Smart Contract Security Assessment

October 26, 2023

FollowsApp

SUMMARY


ABSTRACT

Dedaub was commissioned to audit the follows.app protocol implementation, located at the repository https://github.com/Folome-online/smart-contracts, commit number 91f02d8. Following this a number of fixes were audited, up to commit number a510f11.

Follows is a social media app allowing users to buy and sell access to their favorite celebrities. The celebrity can create a token and allow users to buy and sell shares in this token. Owners of shares receive access to private chats and other benefits. When a token is created, an immutable parameter alpha can be specified, which affects the computation of the price in terms of native tokens. Save for this parameter, which is decided by the creator of the token at its creation, the price is computed algorithmically depending on the supply and demand. The price has a polynomial dependence on both the current supply (polynomial of 2nd degree) and the trading amount (3rd degree polynomial). In addition to the price of the token, users also pay fees, which are distributed between the platform, the creator of the token and (possibly) the token’s referrer. The percentage of these fees is decided by the owner of the contract and can be changed. Users can also sell their tokens and get back native tokens (losing access to the benefits provided by the celebrity). When a user sells his tokens, there is no guarantee that he will get back all the native tokens he paid to buy the tokens.


SETTING AND CAVEATS

The audit scope consists of the following files:

contracts/
  • FolowV1.sol

Two auditors worked on the code for 4 days.
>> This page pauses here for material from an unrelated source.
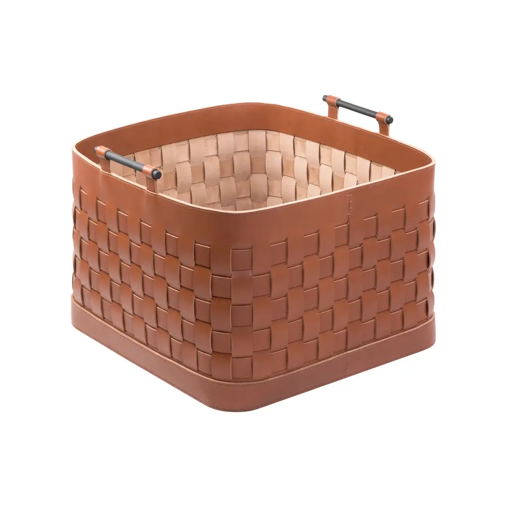 Inspired by the intricate mosaics of its namesake city, the Ravenna Basket is a masterpiece of artisanal weaving from Giobagnara and Rabitti 1969. Expertly handcrafted in Italy, this piece is created from strips of water-resistant saddle leather, meticulously braided into a sturdy yet flexible form. The rich, textural body is complemented by elegant brushed bronze handles, adding a touch of warmth. A fusion of heritage craft and timeless design, it brings tactile luxury and organized calm to any living space. Highlights:

The audit’s main target is security threats, i.e., what the community understanding would likely call "hacking", rather than regular use of the protocol. Functional correctness (i.e., issues in "regular use") is a secondary consideration. Functional correctness of most aspects (e.g., relative to low-level calculations, including units, scaling, quantities returned from external protocols) is generally most effectively done through thorough testing rather than human auditing. Importantly, thorough integration testing in the setting of final use is also an aspect that is not effectively covered by human auditing and remains the responsibility of the development team.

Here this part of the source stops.